Exercise material:
********

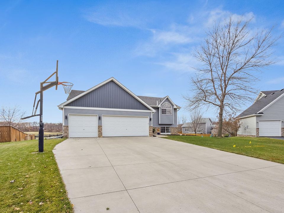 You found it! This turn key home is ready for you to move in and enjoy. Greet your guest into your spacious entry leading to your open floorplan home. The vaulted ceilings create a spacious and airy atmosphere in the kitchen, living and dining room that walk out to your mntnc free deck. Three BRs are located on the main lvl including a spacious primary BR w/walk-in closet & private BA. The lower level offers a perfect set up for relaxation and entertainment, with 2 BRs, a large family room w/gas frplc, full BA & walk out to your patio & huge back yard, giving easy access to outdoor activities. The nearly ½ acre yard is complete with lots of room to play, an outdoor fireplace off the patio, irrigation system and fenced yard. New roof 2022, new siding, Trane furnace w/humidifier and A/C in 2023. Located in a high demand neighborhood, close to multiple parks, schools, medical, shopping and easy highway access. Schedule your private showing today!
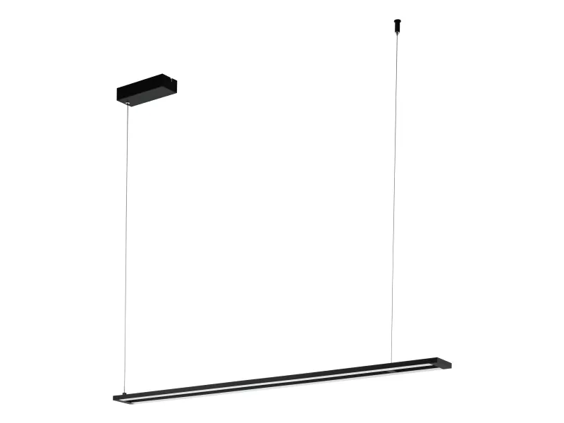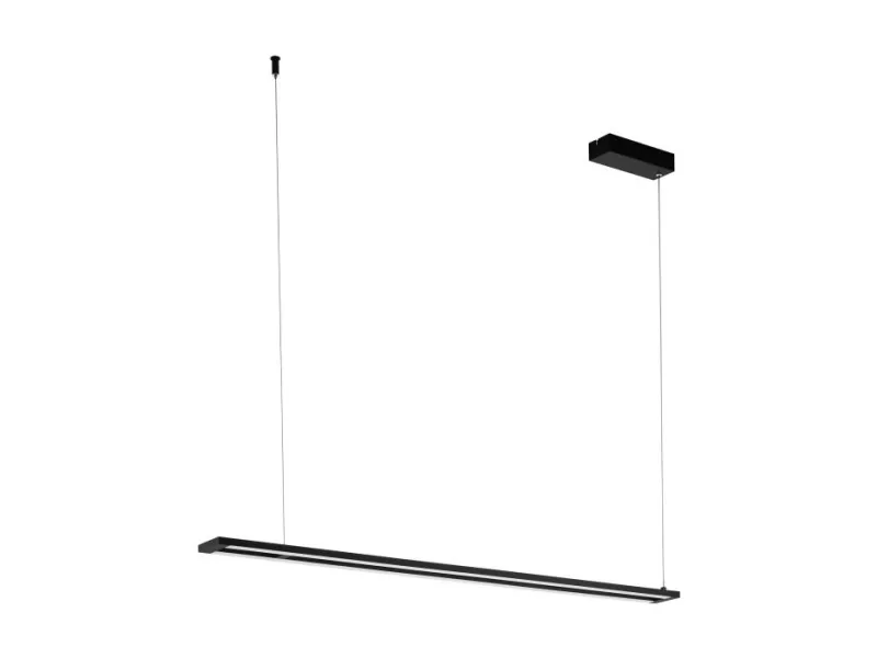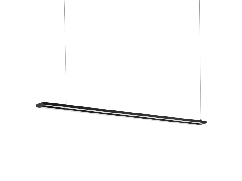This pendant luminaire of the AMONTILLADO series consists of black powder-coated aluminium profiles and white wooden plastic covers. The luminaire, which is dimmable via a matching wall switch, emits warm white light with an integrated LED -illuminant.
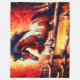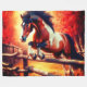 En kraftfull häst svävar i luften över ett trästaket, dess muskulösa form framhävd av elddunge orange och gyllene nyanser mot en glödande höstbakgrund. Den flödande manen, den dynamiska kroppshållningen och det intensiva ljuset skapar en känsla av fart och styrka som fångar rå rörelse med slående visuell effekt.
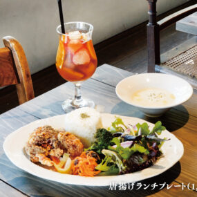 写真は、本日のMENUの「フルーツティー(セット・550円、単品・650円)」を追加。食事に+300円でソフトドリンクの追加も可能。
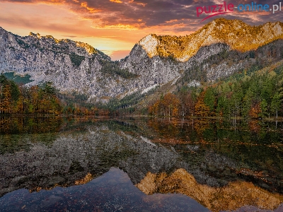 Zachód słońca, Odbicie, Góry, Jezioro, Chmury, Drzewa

********

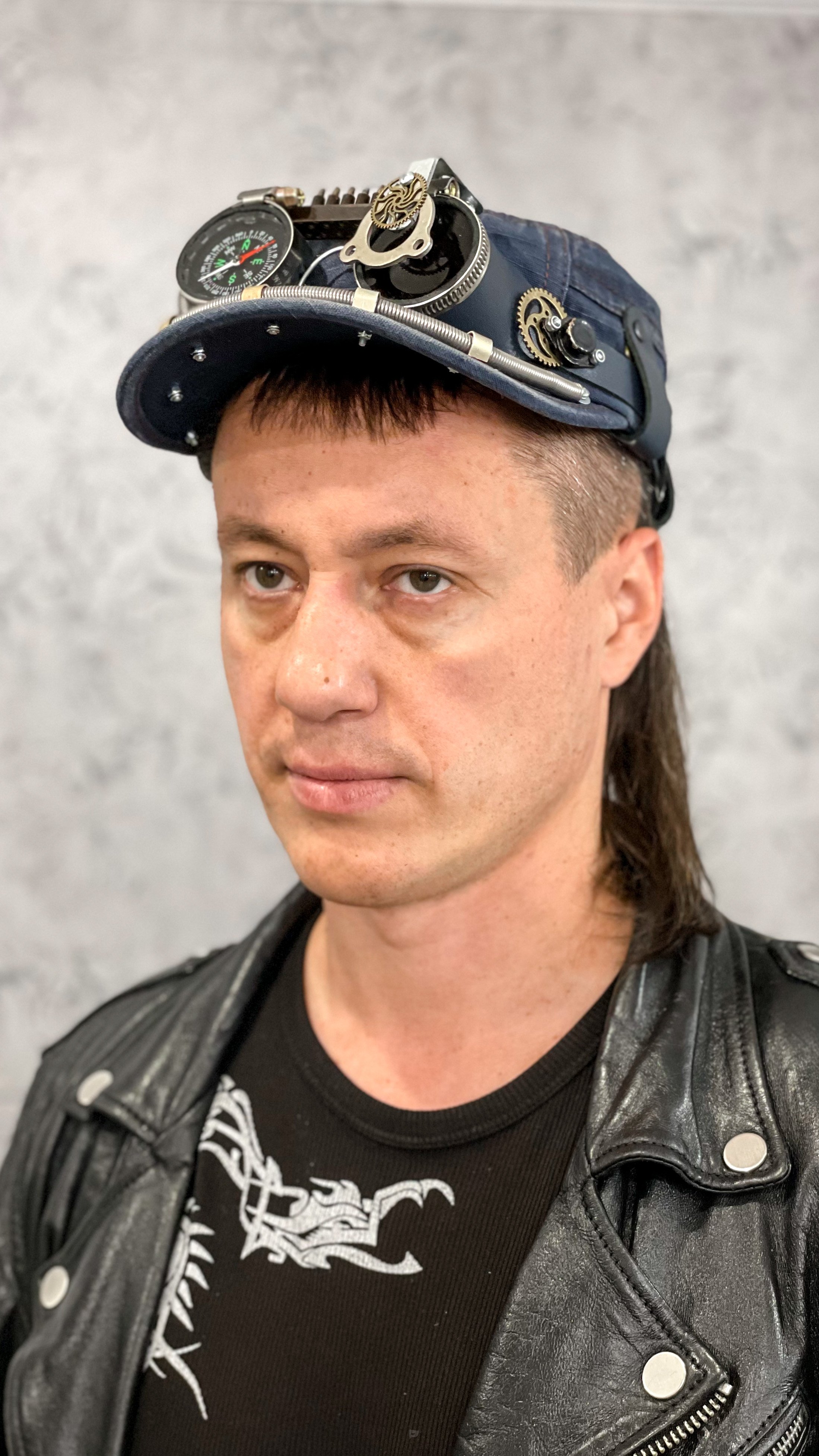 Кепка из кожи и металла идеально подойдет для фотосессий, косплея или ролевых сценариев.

********

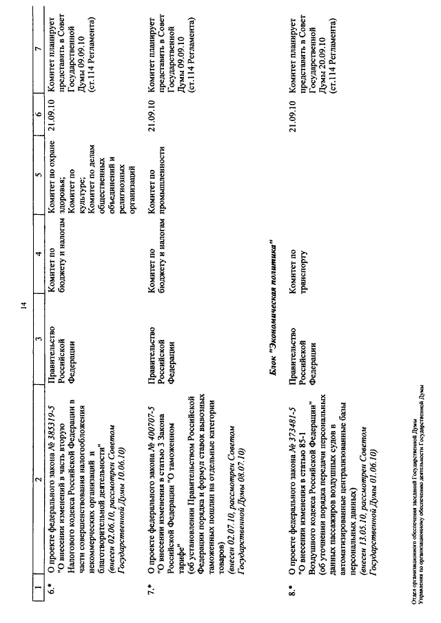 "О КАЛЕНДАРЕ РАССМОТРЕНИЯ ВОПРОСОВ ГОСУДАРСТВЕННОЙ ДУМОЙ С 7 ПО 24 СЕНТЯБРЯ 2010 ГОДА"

********

Activity: Write out word for word the lines above that run from the one with "You found it!" to the one with "Zachód słońca, Odbicie, Góry, Jezioro, Chmury, Drzewa". Include both end lines; exclude the images.

Task answer:
 You found it! This turn key home is ready for you to move in and enjoy. Greet your guest into your spacious entry leading to your open floorplan home. The vaulted ceilings create a spacious and airy atmosphere in the kitchen, living and dining room that walk out to your mntnc free deck. Three BRs are located on the main lvl including a spacious primary BR w/walk-in closet & private BA. The lower level offers a perfect set up for relaxation and entertainment, with 2 BRs, a large family room w/gas frplc, full BA & walk out to your patio & huge back yard, giving easy access to outdoor activities. The nearly ½ acre yard is complete with lots of room to play, an outdoor fireplace off the patio, irrigation system and fenced yard. New roof 2022, new siding, Trane furnace w/humidifier and A/C in 2023. Located in a high demand neighborhood, close to multiple parks, schools, medical, shopping and easy highway access. Schedule your private showing today!
This pendant luminaire of the AMONTILLADO series consists of black powder-coated aluminium profiles and white wooden plastic covers. The luminaire, which is dimmable via a matching wall switch, emits warm white light with an integrated LED -illuminant.
 En kraftfull häst svävar i luften över ett trästaket, dess muskulösa form framhävd av elddunge orange och gyllene nyanser mot en glödande höstbakgrund. Den flödande manen, den dynamiska kroppshållningen och det intensiva ljuset skapar en känsla av fart och styrka som fångar rå rörelse med slående visuell effekt.
 写真は、本日のMENUの「フルーツティー(セット・550円、単品・650円)」を追加。食事に+300円でソフトドリンクの追加も可能。
 Zachód słońca, Odbicie, Góry, Jezioro, Chmury, Drzewa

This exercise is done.